У южного берега Славного Моря

                У ЮЖНОГО БЕРЕГА СЛАВНОГО МОРЯ

                Лет сто назад

     Молодая мать четырёх маленьких девочек в начале двадцатых, в жестокие годы Гражданской войны осталась вдовой. Муж был убит бандой, которая истребляла всех, кто под руку попадётся, а особенно еврейское население. Семья жила у Байкала на станции Мысовой.

     Поднимая своих девочек одна, мать была счастлива, когда за красавицу Лию во второй половине двадцатых посватался работящий и бравый парень из крепкой еврейской семьи из богатого Кабанска, большого русско-еврейского села в дельте Селенги, там была и православная церковь и синагога. Там и «семейских» много жило, бабы в многоцветных с кантами сарафанах в пол украшали вид села.

     В гражданскую у молоденького Бориса командир красного отряда конфисковал лошадей, выдав ему очень важную правильную бумагу. Она гласила, что «... оный Борис Г... действительно предоставил лошадей для боевых нужд красного партизанского отряда». Очень мудрый, хотя и довольно молодой командир вежливым и деловым отношением мирно склонил молодого человека к верному поступку, который оказался судьбоносным для всей дальнейшей жизни его семьи.

     В конце двадцатых Лия уже жила в этом селе. Будучи беременной первенцем, она часто гуляла возле своих ворот по улице и у соседского двора, где жила большая семья Евсея, двоюродного брата её мужа. Хозяин был самым старшим из многочисленных братьев в той семье, лет пятидесяти с небольшим хвостиком. На армейских фотографиях с оркестрантами в славном городе Ашхабаде, Евсей – не первой молодости мужичок, со сверкающей ото лба лысиной, которую он сам называл «тараканьей катушкой».
 
     У него было двое взрослых сыновей от первой покойной жены, с ним же жили и неженатые братья, и младшая сестра. Евсей был справным крестьянином, плотником и стекольщиком, а также знатным музыкантом в своём селе и всей округе, играл на своей скрипке по всем свадьбам и похоронам.

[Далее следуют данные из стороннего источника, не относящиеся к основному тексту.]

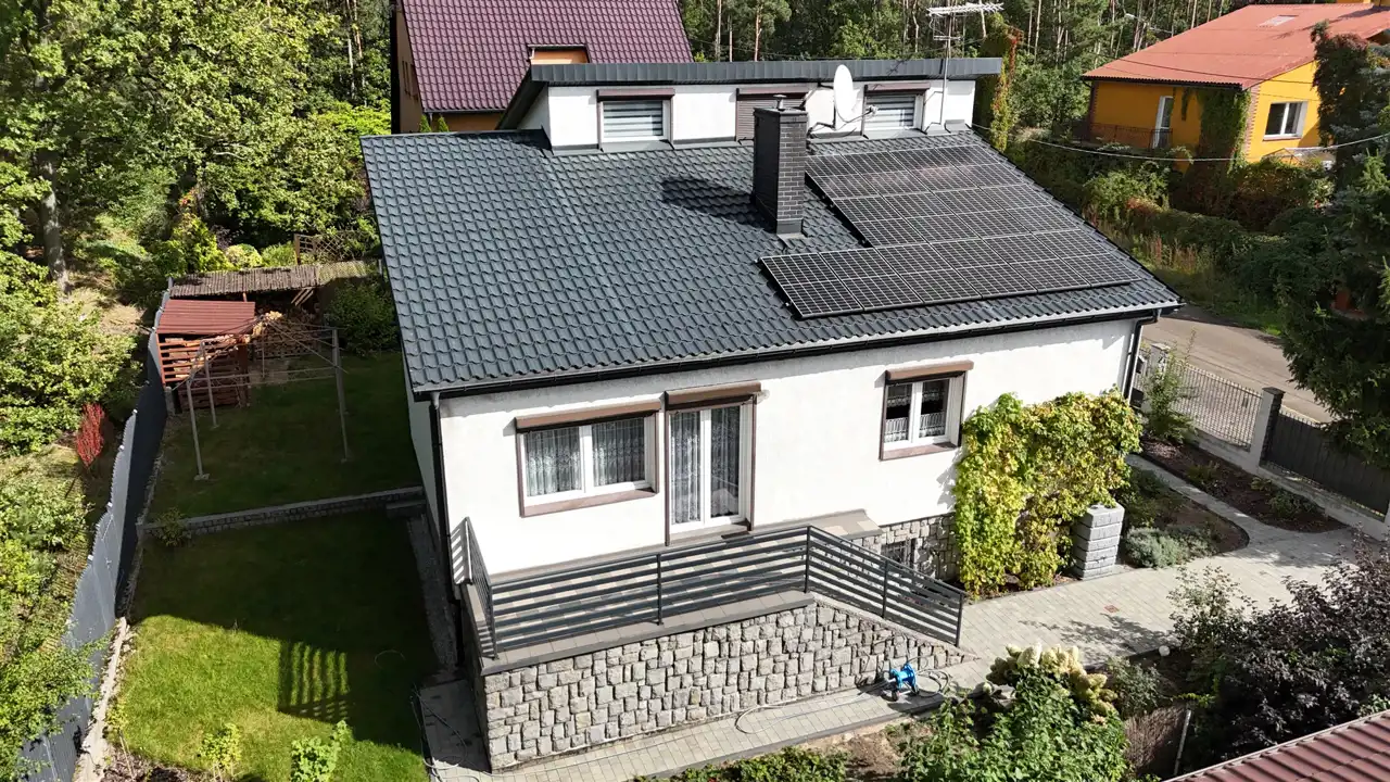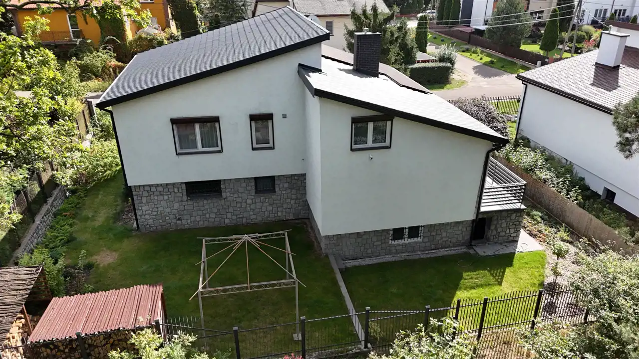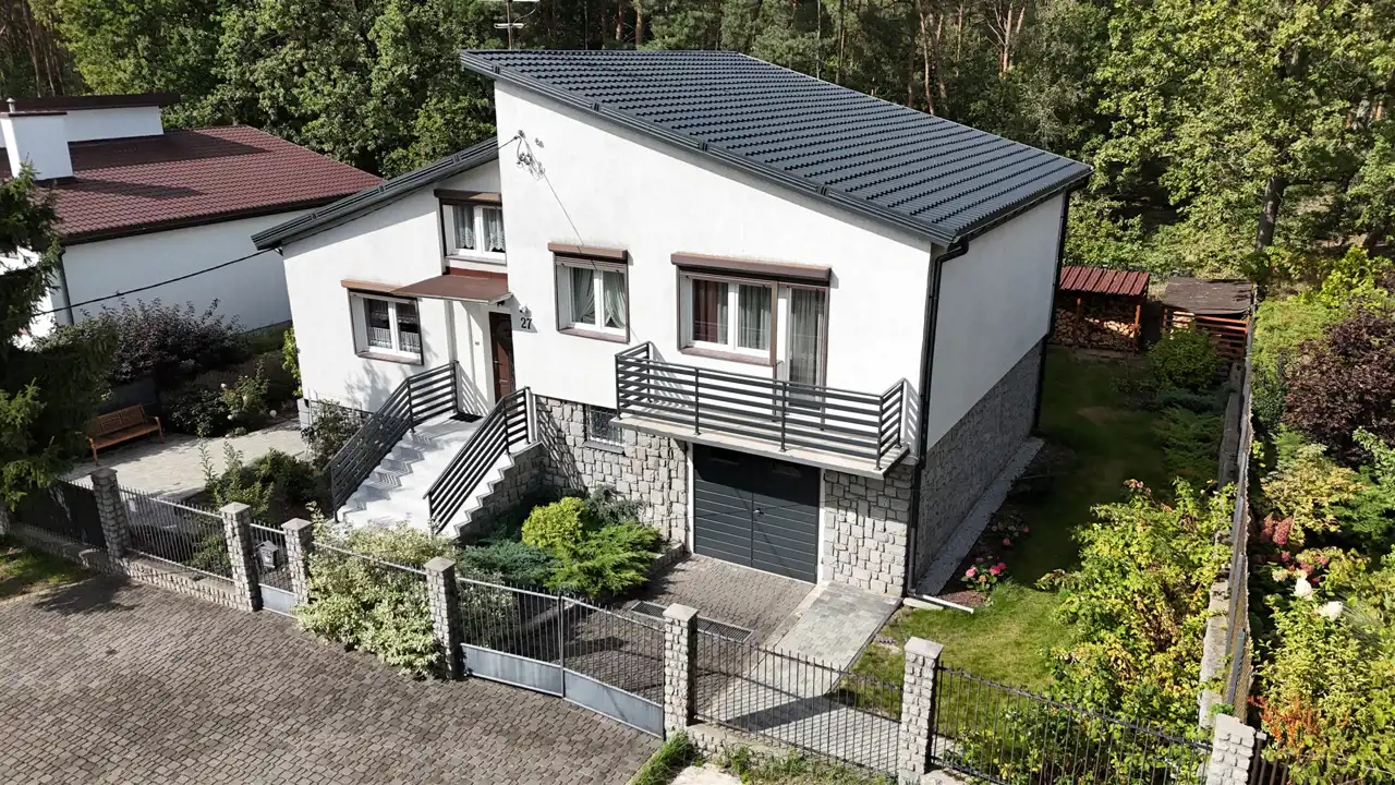 Dom wybudowany w 1991r. w technologi tradycyjnej z cegły i suporeksu, docieplony styropianem i pokryty tynkiem strukturalnym i kamieniem, z nowym dachem dwuspadowym wyremontowanym w 2020r, pokrytym blachodachówką i panelami fotowoltaicznymi o mocy 5 KW. Ponad to oprócz dachu w 2021r przeprowadzono remont generalny m.in. instalacja nowego kominka, nowych balustrad na balkonie i tarasie, drzwi garażowych, schodów i balustrad głównego wejścia itp.

     От второй жены у него было трое детей. Она была старшей дочерью многодетного вдового отца, растившего целую толпу девчонок, и это было предметом насмешек и жалости других мужиков. Крупная и высокая, она носила звучное двойное имя на идише, но все звали её Надей (перевод одного из имён), и в бумагах была записана Надеждой.

     Когда её взял в жены вдовец с двумя детьми, отец Нади был безмерно счастлив – теперь и другим сёстрам была дорога открыта. Она хорошо готовила по всем обычаям местной и еврейской кухни, умела засолить в лагунах омуль культурным посолом и другими байкальскими обычаями. Ещё в приданое ею было заготовлено много вышитого белья с вязаными крючком подзорами и накидками. Матерью Надя была ласковой и ровной.

     В начале двадцатого года, в разгул гражданской войны, Евсей спешно вывозил из села жену с отхончиком в животе («отхон» - по-бурятски это последний ребёнок матери, по-русски называют «поскрёбыш»), чтобы спрятать у дальней бурятской родни её покойной матери в маленьком улусе (хутор), опасаясь приближающегося отряда каппелевцев, охотившихся за евреями. Слава Богу, всё обошлось.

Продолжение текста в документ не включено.